Using SIMD to aggregate billions of values per second

bluestreak | 171 points

QuestDB co-founder and CTO here - happy to share questdb, a performance-driven open-source time-series database that uses SQL.

High performance databases have a reputation of being inaccessible. They are expensive, closed-source, and require complex proprietary languages.

We have made our code available under Apache 2.0. Under this new release, QuestDB leverages SIMD instructions, vectorizations and parallel execution to achieve performance figures at the top of the high-performance databases. Results are shown in our blog post.

I sincerely hope that you will find this helpful, and that this will unlock new possibilities! In the meantime, we will carry on working on QuestDB, adding more features, and taking this speed to more query types. Feel free to join us on slack or Github if you want to participate.

bluestreak | 4 years ago

It would be great if you include clickhouse in your benchmark. It also boasts heavy SIMD use and is free + open source.

polskibus | 4 years ago

not to hijack too much, but since this is on the topic of timeseries...i'm currently working on a fast* Canvas2D timeseries chart:

https://github.com/leeoniya/uPlot

* ~4,000 pts/ms on an i5 and integrated gpu

leeoniya | 4 years ago

Super interesting product I'll definitely be taking a deeper look at this when I'm at work tomorrow.

I notice all your comparisons are with floating point and integer types. I was recently looking at SIMD as a possible way to speed up some of our calculations. But we create financial software and most data is typically stored as decimals not floating points to avoid problems with binary floating point precision during calculations.

Does quest handle decimals, just without the SIMD speed up?

Is this just a dead end? Are there any SIMD implementations that deal with decimal numbers? I considered Hacky workarounds like using integer based types internally and then treating them as as fixed point decimals for display but that doesn't give enough range for my purposes.

SimonPStevens | 4 years ago

So how does it compare to Clickhouse?

jmakov | 4 years ago

Cool. I see you're doing a regular (not compensated) horizontal sum in a loop. Horizontal sums are slow, but I'm guessing you wanted to have exactly the same result as if the sum was calculated sequentially (for doubles)? Do you know if any databases use more accurate summation methods (compensated summation)?

zbjornson | 4 years ago

I came across QuestDB in the past, but never tried myself. At my company, we use kx and onetick. Could you please elaborate why you are also comparing with Postgres since it's not really a time-series database nor revendicating to be part of the "high performance" club?

quod_2058 | 4 years ago

Were these benchmarks before or after 2020.03.26? There was a bug that caused max operations to take twice as long.
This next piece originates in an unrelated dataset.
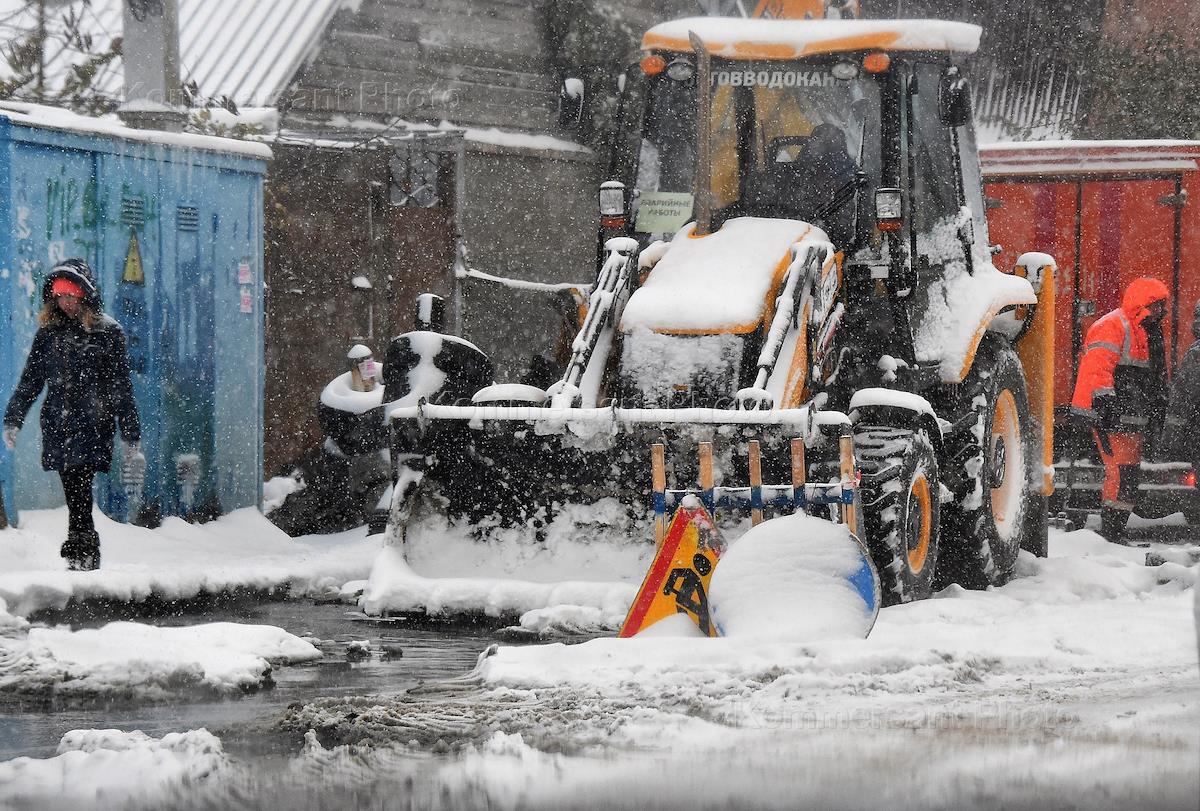 Жанровая фотография. Трактор в снегу на дороге со снегом и лужами одновременно.

From the KDB+ 4.0 release notes:

2020.03.26 FIX fixed performance regression for max. e.g. q)x:100000000?100;system"ts:10 max x"

binomiq | 4 years ago

The numbers are impressive, especially because it is against kdb. q/kdb is mostly finance focused and closed source so not really flexible. questdb has an advantage on this, it might be a bit of a tangent but I wonder if this could be used to replace redis, I can see how having SQL as a querying language could be a big plus.

sirffuzzylogik | 4 years ago

In the reference there's no mention of SQL Window functions. Is it possible to do multiple moving averages over different time spans?

If not, are there plans to add support in the future?

stereosteve | 4 years ago

Great work! 2.3x faster than kdb and 500x than postgres for sum (double) time series What are your goals for the next release?

jeromerousselot | 4 years ago
[deleted]
| 4 years ago

I assume the values must be all be in memory beforehand and not hard storage.

popotamonga | 4 years ago

What about data compression? How does that compare to other time series DBs?

continuations | 4 years ago

What dialect of SQL are you using?

georgewfraser | 4 years ago

is it difficult to add SIMD to the existing time-series database?

sch00lb0y | 4 years ago

This can't be called a database due to lacking of any persistent storage. It does not survive a system crash.

It is a structured in-memory (or rather in-JVM) cache with a rudimentary SQL interface.

Calling things by its proper names is a half-way to intelligence.

johndoe42377 | 4 years ago